╭─ Data shown

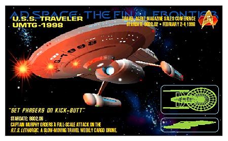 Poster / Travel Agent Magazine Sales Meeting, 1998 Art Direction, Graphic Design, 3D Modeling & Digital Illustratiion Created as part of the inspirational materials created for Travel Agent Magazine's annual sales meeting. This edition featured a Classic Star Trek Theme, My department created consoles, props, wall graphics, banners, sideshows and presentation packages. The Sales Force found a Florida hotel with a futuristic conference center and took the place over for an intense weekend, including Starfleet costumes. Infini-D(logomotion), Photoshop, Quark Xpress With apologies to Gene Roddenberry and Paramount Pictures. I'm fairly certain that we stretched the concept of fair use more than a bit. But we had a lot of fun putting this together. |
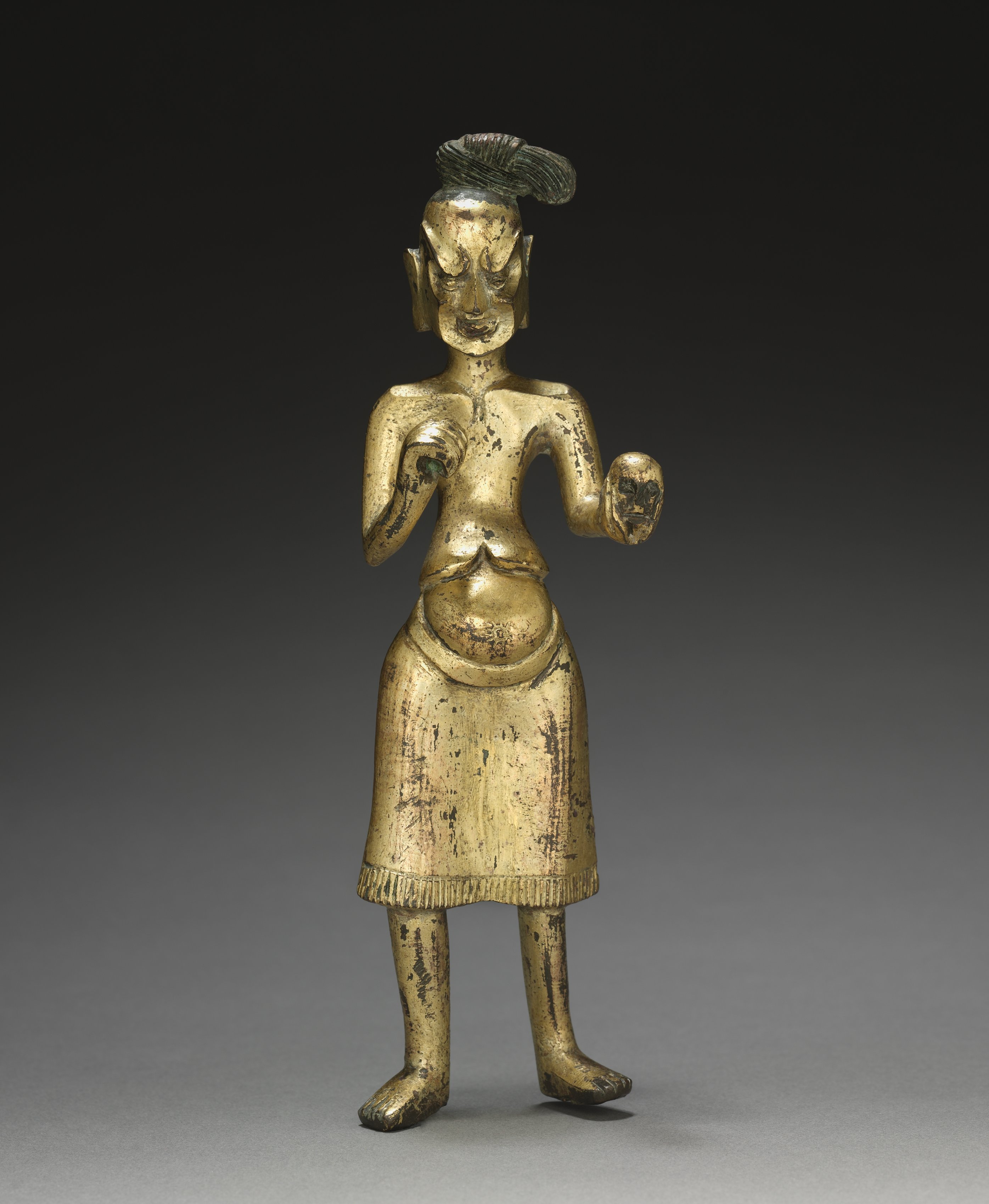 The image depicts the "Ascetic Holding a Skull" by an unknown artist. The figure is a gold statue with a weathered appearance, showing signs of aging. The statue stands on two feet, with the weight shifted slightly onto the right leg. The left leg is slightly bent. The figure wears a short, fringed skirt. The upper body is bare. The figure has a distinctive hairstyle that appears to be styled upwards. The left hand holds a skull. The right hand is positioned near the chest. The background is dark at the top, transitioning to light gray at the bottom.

╰─
╭─ Data shown

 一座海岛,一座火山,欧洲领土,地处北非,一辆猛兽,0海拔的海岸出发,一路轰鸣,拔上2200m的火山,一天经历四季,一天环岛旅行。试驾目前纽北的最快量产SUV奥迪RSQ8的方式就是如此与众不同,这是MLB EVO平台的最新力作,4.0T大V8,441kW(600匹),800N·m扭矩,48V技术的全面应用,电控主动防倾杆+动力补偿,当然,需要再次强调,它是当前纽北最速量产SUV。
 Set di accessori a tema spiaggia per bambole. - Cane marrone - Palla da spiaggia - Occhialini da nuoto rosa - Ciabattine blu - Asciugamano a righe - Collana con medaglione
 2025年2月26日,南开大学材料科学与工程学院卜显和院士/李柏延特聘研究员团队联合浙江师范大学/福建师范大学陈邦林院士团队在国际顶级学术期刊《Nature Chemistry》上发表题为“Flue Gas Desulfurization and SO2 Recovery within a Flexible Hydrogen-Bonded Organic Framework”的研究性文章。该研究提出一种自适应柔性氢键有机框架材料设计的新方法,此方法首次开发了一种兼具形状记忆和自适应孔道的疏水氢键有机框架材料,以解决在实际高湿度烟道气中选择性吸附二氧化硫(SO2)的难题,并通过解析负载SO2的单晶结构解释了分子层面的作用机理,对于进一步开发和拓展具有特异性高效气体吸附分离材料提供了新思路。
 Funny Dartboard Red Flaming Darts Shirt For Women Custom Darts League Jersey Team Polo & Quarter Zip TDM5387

╰─

- Problem to work on: The required output is the stretch of entries above from the line containing "Gas Desulfurization and" through the line containing "Funny Dartboard Red", reproduced exactly.

- Answer to this problem:
 2025年2月26日,南开大学材料科学与工程学院卜显和院士/李柏延特聘研究员团队联合浙江师范大学/福建师范大学陈邦林院士团队在国际顶级学术期刊《Nature Chemistry》上发表题为“Flue Gas Desulfurization and SO2 Recovery within a Flexible Hydrogen-Bonded Organic Framework”的研究性文章。该研究提出一种自适应柔性氢键有机框架材料设计的新方法,此方法首次开发了一种兼具形状记忆和自适应孔道的疏水氢键有机框架材料,以解决在实际高湿度烟道气中选择性吸附二氧化硫(SO2)的难题,并通过解析负载SO2的单晶结构解释了分子层面的作用机理,对于进一步开发和拓展具有特异性高效气体吸附分离材料提供了新思路。
 Funny Dartboard Red Flaming Darts Shirt For Women Custom Darts League Jersey Team Polo & Quarter Zip TDM5387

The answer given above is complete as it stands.